Finding Wonder in the Woods

My name is Gary Hernandez, and I’m the leader of the after school Outdoor Explorer’s Program for Brunswick Junior High School. Since we started together in September, our group watched the foliage turn from green to orange to a crisp brown, when the branches of the trees eventually faded into the late fall landscape. 

At the start of our sessions, the students had trouble exploring on their own. The sad part of being in a classroom for eight hours a day is the loss of childhood wonder — the kind of wonder that engages with nature for pleasure rather than a means to a larger, academic goal.

The students struggled to reacquire this wonder. The first question they asked me was, “What do we do now?” My answer was simple, “Do what you want to do.” As momentum gained, our group gravitated towards hide and seek; we searched for salamanders; we played baseball with sticks and pine cones; we wrote a poem about a leaf; we learned how to use acorns as whistles. There was never an agenda that imposed a goal or plan. Everything we did transpired organically simply by judging the day’s weather or how the group was feeling energy-wise. 

Students in Outdoor Explorers enjoy a game of stick ball in the Maine woods. 

The program began to foster a connection among us. It posed an alternative to the traditional educational system that tries to create interconnectedness through daily expectations and assignments.

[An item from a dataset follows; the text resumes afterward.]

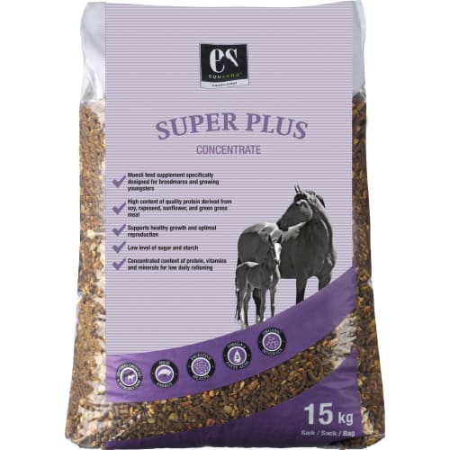 Müsli fuldfoder med velsmagende og sunde råvarer. Energi fra bl.a. olie, varmebehandlede sojabønner og korn. Letoptagelige proteinkilder med god aminosyreforsyning til vækst samt Omega-3-fedtsyrer fra specialbehandlet hørfrø. Foderet kan bruges under hele drægtigheden, men kan også startes op i sidste del af drægtigheden og udfodres igennem laktationen, hvor det giver optimale betingelser for foster/føl. Også god til plage i god vækst samt heste i tilridning, fordi blandingen kan bidrage med styrke og flot fylde. Indhold Råvareindhold: Havre, Majsflager (varmebeh.), Hvedeklid, Havreklid, Sojabønner (toasted)**, Solsikkemel (specialbeh.), Sojaskrå (toasted) 1), Rørmelasse, Rapsmel (specialbeh.), Bygflager (dampvalset), Roesnitter, Grønmel, Ærter (ekstruderede), Æblekvas, Rapsolie, Calciumcarbonat, Ølgær, Hørfrø (ekstruderet), Kornmel, Fodersalt, Byg (varmebeh.), Monocalciumfosfat, Vitaminer og mineraler inkl. organiske mineraler. ** Fremstillet af genmodificeret soja Indhold pr kg: Energi/FE pr. kg 0,87, Råprotein 14,8%, Ford. 125 g, Lysin 7 g, Råfedt 7%, Råaske 8,8%, Fibre 10,6%, Stivelse 25%, Sukker 5,7%, Calcium 12,7 g, Fosfor 7,6 g, Magnesium 3,4 g, Natrium 4,4 g, Jern* 113 mg, Zink* 150 mg, Kobber* 41 mg, Mangan* 82 mg, Selen* 0,7 mg, Jod 1,3 mg, Kobolt 0,3 mg, Vitamin A 14064 I.E., Vitamin D3 2739 I.E., Vitamin E 349 mg, Vitamin B1 13,3 mg, Vitamin B2 5,3 mg, Vitamin B6 4,8 mg, Vitamin B12 0,05 mg, Niacin 18 mg, Folinsyre 5,6 mg, Biotin 1,16 mg, Vitamin C 121 mg, Vitamin K 3,2 mg, D.pantotensyre 16,7 mg, Cholinclorid 201 mg. * Tilsat delvist i organisk form. Dosering Dosering: Vejledende fodringseksempler:

One day, as we gathered for the session, a student brought a binder, pen, and paper. As we ventured into the forest, he began to stare at the trees and listen. He stood there attentively and patiently. I asked him what he was doing. He looked at me and smiled. “Listen, they’re talking,” he said of the changing trees. 

Naturally, I bombarded him with questions. “What did they say? What language do they speak? How come I can’t hear anything?” I asked these questions with a kernel of impatience. I couldn’t quite understand what he was getting at with these tree chats, and I dismissed his observations as silly, but he persisted.

From then on, he continued to bring his binder, pen and paper to interview trees and tell their stories. Eventually I joined him. Sometimes the trees were annoyed when I leaned on them; sometimes they were excited that an interviewer was approaching to ask questions; sometimes they remained quiet despite the interrogation. By then, the entire group joined in the conversation and relied on the student to translate what each tree had to say. He was our connection to a mystical word.

My earlier kernel of impatience became a flower of curiosity. My experience of being in the woods with these students, and being there with intention, revived my forgotten sense of childhood wonder. I’m sure the trees would report the same.

Blog contributor Gary Hernandez is a student at Bowdoin College. He leads the Teens to Trails Outdoor Explorer’s program through Brunswick Recreation Department, as part of a college experience called Student Community Action Network.